This is an open access article distributed under the terms of the Creative Commons Attribution License, which permits unrestricted use, distribution, reproduction and adaptation in any medium and for any purpose provided that it is properly attributed. For attribution, the original author(s), title, publication source (PeerJ Preprints) and either DOI or URL of the article must be cited.
Cite this article
Huang H, Sukumaran J, Smith SA, Knowles LL.2017. Cause of gene tree discord? Distinguishing incomplete lineage sorting and lateral gene transfer in phylogenetics. PeerJ Preprints5:e3489v1https://doi.org/10.7287/peerj.preprints.3489v1
Despite recent efforts that have produced data sets with hundreds and thousands of gene regions to resolve regions of the tree of life, recalcitrant nodes persist and disagreement among genes as well as disagreement between individual gene trees and species trees are common.
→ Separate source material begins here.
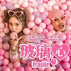 "Fragile" (Chinese: 玻璃心; pinyin: bōlí xīn; Wade–Giles: po1li2 hsin1; lit. 'glass heart') is a Mandarin single by Malaysian singer Namewee and Australian singer Kimberley Chen released on 15 October 2021.[1] On YouTube, the song had over 15 million views within days, and it held the top spot of Hong Kong, Taiwan, Malaysia and Singapore's music trends for several weeks.[2] Written as a comedic pop duet and featuring a dancing panda in the music video, "Fragile" satirizes the social issues in China, the political status of Taiwan, the Xinjiang internment camps, censorship in China, as well as the Little Pinks' response.[3][4][5]

There are a number of evolutionary processes that contribute to these conflicts between gene trees and species trees, including deep coalescence (lineage sorting), horizontal gene transfer or hybridization, etc. While for some of these processes, we have very powerful and sophisticated models that uses the conflict in the gene trees as information that contributes materially to correctly inferring the species tree, such as the multispecies coalescent (MSC). However, usage of these models require a priori recognition of relevant processes, which is often unknown for empirical dataset. Here we propose a new perspective to not only identify the cause of discord among gene trees, but also use it to classify loci by the underlying cause of discord to identify subsets of loci for analysis with the goal of improving phylogenetic accuracy. This approach differs fundamentally from all other criteria used for making decisions about which loci to include in a phylogenetic analysis. In particular, the choice of loci in this framework is based on identifying those that reflect descent from a common ancestor (as opposed to other processes), and thereby can minimize problems with model misspecification. We present preliminary results that demonstrate the potential of this framework in distinguishing the lateral gene transfer (LGT) from incomplete lineage sorting (ILS) process, as implemented in a new software package CLASSIPHY, while also highlighting areas for further development and testing. We discussed why such methods (i) are critical to improving phylogenetic accuracy with the increased complexity of genomic/transcriptomic datasets, and that (ii) characterizing patterns of discordance and the contribution of different processes to this discordance is itself of interest for generating hypotheses about the role of lateral gene transfer, gene duplication, and incomplete lineage sorting during the divergence of different taxa.